Position Description

The Senior Specialist, Technical Services Process Engineering in the BioBacterial Manufacturing End-to-End is responsible for technical leadership and execution of projects in the commercial manufacturing area while actively supporting, participating in, and embracing an empowered team culture. In this role, the Sr Specialist will work as an individual contributor as well as a team or project lead to lead work of others as required. Additionally, this role will contribute to the performance and results of a department, provide technical guidance, and anticipate and interpret client and/or customer needs to identify and implement solutions. Limited off-shift or weekend coverage may be required based on business unit needs and specific assignments.

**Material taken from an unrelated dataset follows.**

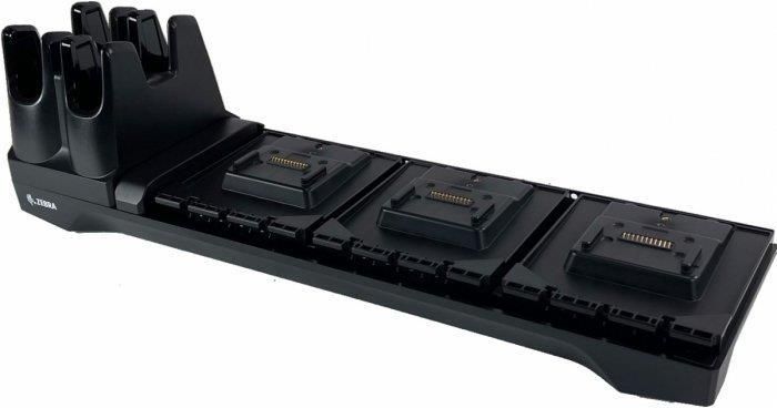 Stacja ładująca/komunikacyjna Zebra, 3 gniazda, 4 baterie, Ethernet ( CRD3S4T-RFD49-BASE-COM-1R )Stacja ładująca/komunikacyjna, ładuje 3x urządzenie i 4x zapasowy akumulator RFD40, ethernet, zamawiać osobno: 3x adapter do stacji ładującej, zasilanie zasilanie, kabel DC, kabel zasilający, pasuje do: RFD40...

• Responsible for defining and leading equipment based projects, including the remediation of obsolescent parts, vendor communication, and IOQ activities.
• Specifically, the engineer will use standard project management approaches and assemble and lead teams in the execution of projects with responsibility for resourcing, charter development, project planning and tracking, risk management, and escalation.
• The incumbent will operate with a high degree of independence, assuring alignment with appropriate functional leaders and stakeholders while advancing their assigned projects and initiatives.
• The incumbent will have interest and capability in rigorous scientific approaches, operational excellence methods, systems development and change execution management, and strong analytical, communication and interpersonal skills.
• Collaborates and engages with multiple functional organizations such as Operations, Technology, Quality, Automation, Global Engineering Services, Procurement, Finance, Above Site Technology, Regulatory, among others, to develop and maintain processes that meet cGMP and business requirements.
• Determine project resource requirements and works with stakeholders to gain support needed from subject matter experts.
• Develop and execute change control inclusive of change definition, risk assessments, impact assessments, task execution, implementation, and support of associated regulatory filings.
• Author and update technical and manufacturing documents necessary for process design/definition, engineering studies, process demonstrations, and validation.
• Design and conduct experimental protocols as needed using the Technical Operations lab facilities and/or production equipment at full scale; Provide technical support to manufacturing for complex problems and issues
• Examine an issue from diverse perspectives (safety, compliance, automation, equipment, process, and people) in order to best understand and resolve the root cause.
• Develop and assures consistent application of standardized work, engineering, and process tools.
• Problem-solving skills and a hands-on approach to problem-solving, with a bias toward going to see problems for oneself in the field
• May serve as a technical reviewer/approver for process changes.
• Support process improvement projects, complex manufacturing investigations, digital and data integrity initiatives for the project
• Support regulatory inspections based requests

• Bachelor's Degree in Engineering or Science

• Minimum 5 years post-bachelor's degree experience in GMP manufacturing and/or technical support of GMP manufacturing operations (or M.S. degree plus 4 years; PhD degree plus 1 years).
• Experience in biologics, vaccine, or bulk sterile manufacturing facilities in a maintenance, process or validation support role
• Minimum of 3 yrs deviation management experience in qualified production facilities
• Strong Understanding of Change Control. Minimum of 2 years of experience in Change Control.

• Advanced degree (M.S., Ph.D.) in science or engineering
• Ability to maintain strong working relationships with technical, quality and operations leaders
• Experience with equipment and automation troubleshooting.
• Experience in Process monitoring and trending tools
• DeltaV, GCM experience
• Regulatory inspection presentation experience with external regulatory authority representatives.
• Experience with one or more of the following areas: Fermentation | Purification | Validation | formulation and filling processes.